The US economy employed 818,000 fewer people than originally reported as of March 2024, indicating that the labor market may have been cooling long before initially thought. This revelation comes as a result of the Bureau of Labor Statistics‘ yearly practice of revising employment numbers, with final revised figures expected to be released early next year.
The report, released on Wednesday morning, highlighted significant downward revisions in various industries. The professional and business services sector saw the largest revision, with employment numbers being adjusted downward by 358,000. Following closely behind was the leisure and hospitality industry, which experienced a revision of 150,000 jobs.
These revisions have led to a decrease in the monthly job additions seen in the US economy during the specified period, bringing the figure down to 174,000 from the previously reported 242,000. Despite the substantial downward revision, economists like Omair Sharif, president of Inflation Insights, view this growth rate as still healthy in terms of monthly job additions to the economy.
Economists have cautioned investors not to read too much into the revised numbers, as they are backward-looking in nature. Michael Reid, a US economist at RBC Capital Markets, emphasized that while the economy may have created fewer jobs than initially estimated, broader trends in GDP growth, stock market performance, wealth gains, and consumption remain unchanged.
The release of this report comes at a crucial time for labor market data, with recent signs of slowing prompting discussions about the Federal Reserve’s monetary policy stance. A weak July jobs report, which showed the second-weakest monthly job additions since 2020 and the highest unemployment rate in nearly three years, has raised concerns about the state of the labor market.
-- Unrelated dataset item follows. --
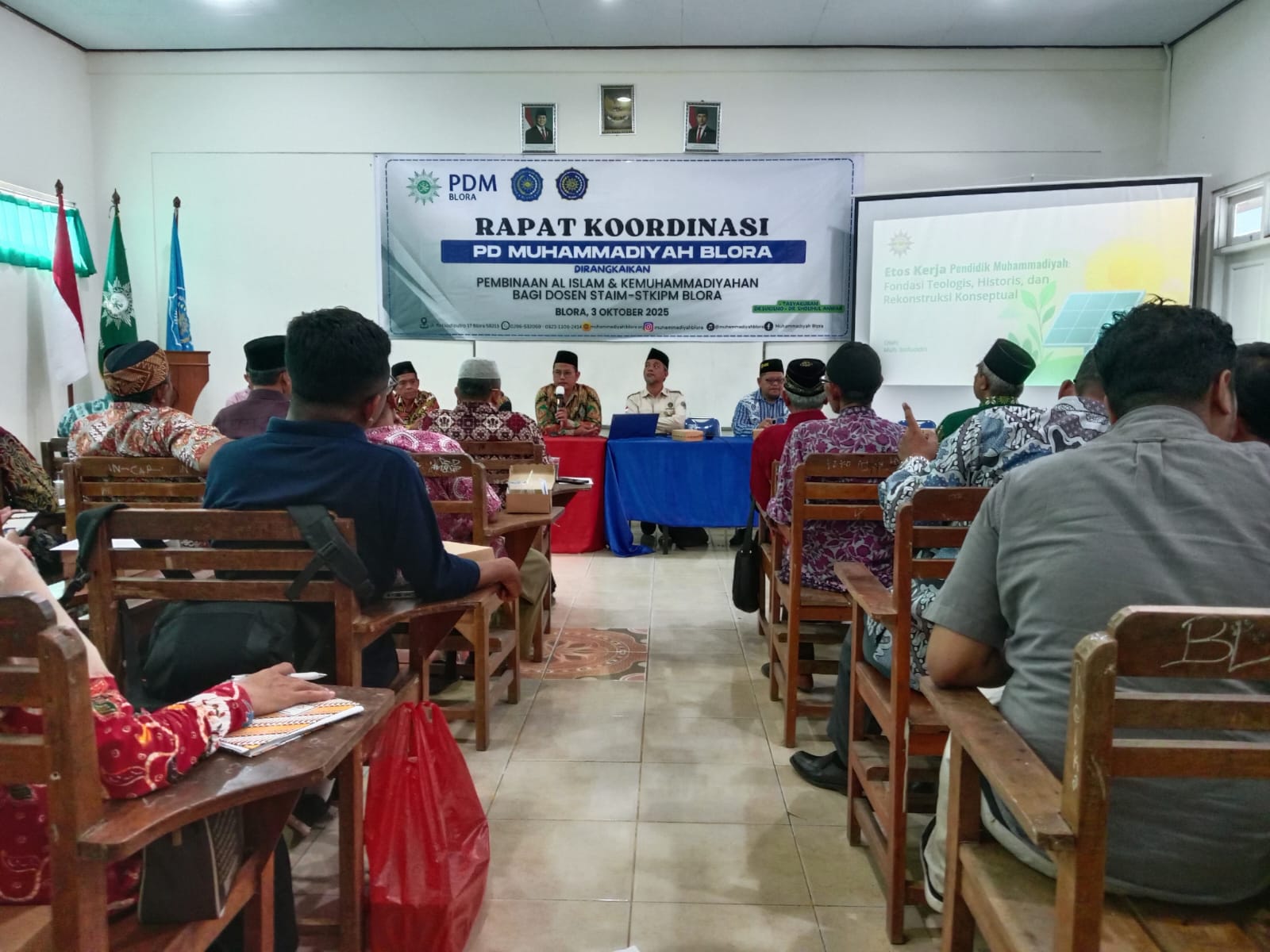 Blora, PikiranBangsa.co — Pimpinan Daerah Muhammadiyah (PDM) Blora menyelenggarakan Rapat Koordinasi yang dirangkai dengan Pembinaan Al-Islam dan Kemuhammadiyahan bagi dosen STAIM dan STKIPM Blora pada Jumat, 3 Oktober 2025.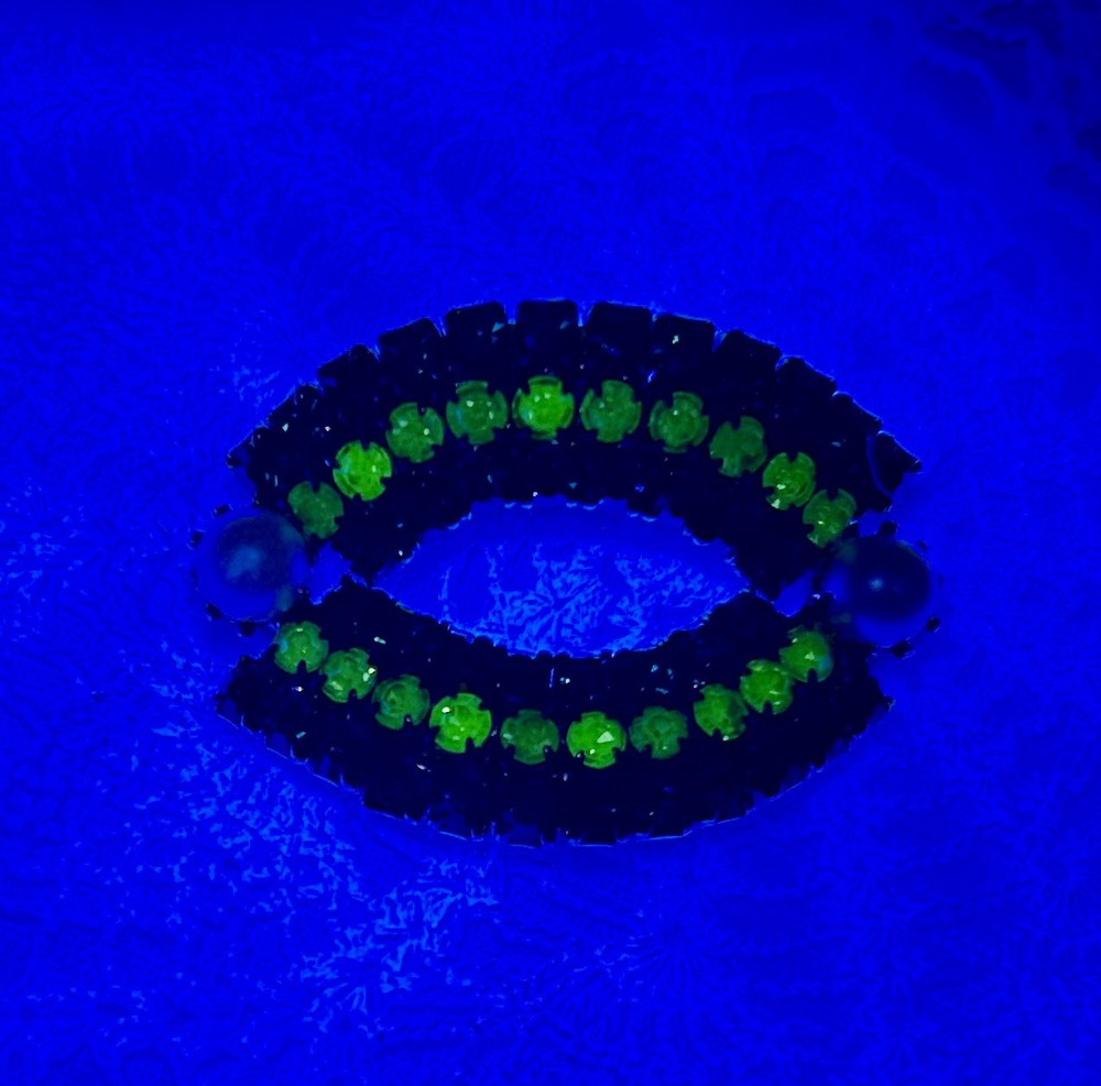Vintage Brooch Uranium Glass Green Rhinestone Faux Pearl Prong Set Retro

Despite these challenges, recent updates on the labor market, such as weekly unemployment filings, suggest that layoffs remain relatively low. Economists argue that while the labor market may be softening, it is not rapidly deteriorating and is not heading for an outright downturn.
Federal Reserve Chair Jerome Powell is expected to address the labor market during the upcoming Jackson Hole Symposium, his first public appearance since the weak July jobs report. Economists anticipate that Powell may express more confidence in the inflation outlook and emphasize downside risks in the labor market, potentially leading to interest rate cuts in the coming months.
Overall, while the US economy may be experiencing some softening in the labor market, it is still growing. The Federal Reserve’s response to these challenges will be closely watched by investors and economists alike as they navigate the evolving economic landscape.